Jairo Maestre era sin duda el peor: Sin interés por la escuela, despistado, con la ropa arrugada, siempre despeinado, uno de esos chicos del colegio de cara impasible, mirada inexpresiva, fría y distraída. Cuando la Señorita Marlene le hablaba, Jairo siempre respondía con monosílabos. Poco atractivo, sin motivación y actitud distante, no resultaba fácil quererlo.

Si bien su maestra decía que quería a todos los de la clase por igual, en su interior no era totalmente sincera. Cada vez que corregía los trabajos de Jairo, experimentaba cierto placer perverso poniendo una X al lado de las respuestas incorrectas y, cuando ponía I en la parte superior de la hoja, siempre lo hacía con elegancia. Debería haberlo pensado un poco más; tenía el Boletín de Conducta de Jairo y sabía más sobre él de lo que quería admitir.

El Boletín decía:

1er. Grado: Jairo promete en su trabajo y su actitud, pero tiene una mala situación familiar.

2do. Grado: Jairo podría dar más. La madre está muy enferma. Recibe poca ayuda en su casa.

3er. Grado: Jairo es un buen chico pero demasiado serio. Aprende lentamente. Su madre murió el año pasado.

4to. Grado: Jairo es muy lento, pero se porta bien. Su padre no muestra ningún interés.

Llegó Navidad, y los chicos y chicas de la clase de la señorita Marlene trajeron los regalos correspondientes. Los apilaron sobre el escritorio y se aglomeraron alrededor para ver cómo los abría. Entre los regalos había uno de Jairo. Estaba envuelto en papel y pegado con cinta adhesiva. Sobre el papel estaba escrito simplemente: Para la Srta. Marlene, de Jairo. Ella se sorprendió de que le hubiera llevado un regalo. Cuando lo abrió, apareció una pulsera recargada de piedras falsas a la cual le faltaban la mitad de las cuentas, y un frasco de perfume barato.

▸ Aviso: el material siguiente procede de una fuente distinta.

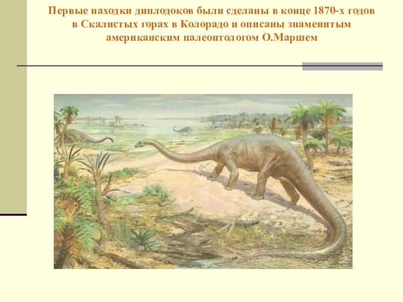 Слайд 17Первые находки диплодоков были сделаны в конце 1870-х годов в Скалистых

Los otros chicos y chicas empezaron a burlarse de los regalos de Jairo, pero la señorita Marlene tuvo por lo menos suficiente sentido común como para hacerlos callar de inmediato poniéndose la pulsera y echándose un poco de perfume en la muñeca. Levantó el puño para que los demás chicos olieran y dijo: “¿No huele muy bien?”. Los chicos, guiándose por la maestra, rápidamente coincidieron con susurros de burla satírica.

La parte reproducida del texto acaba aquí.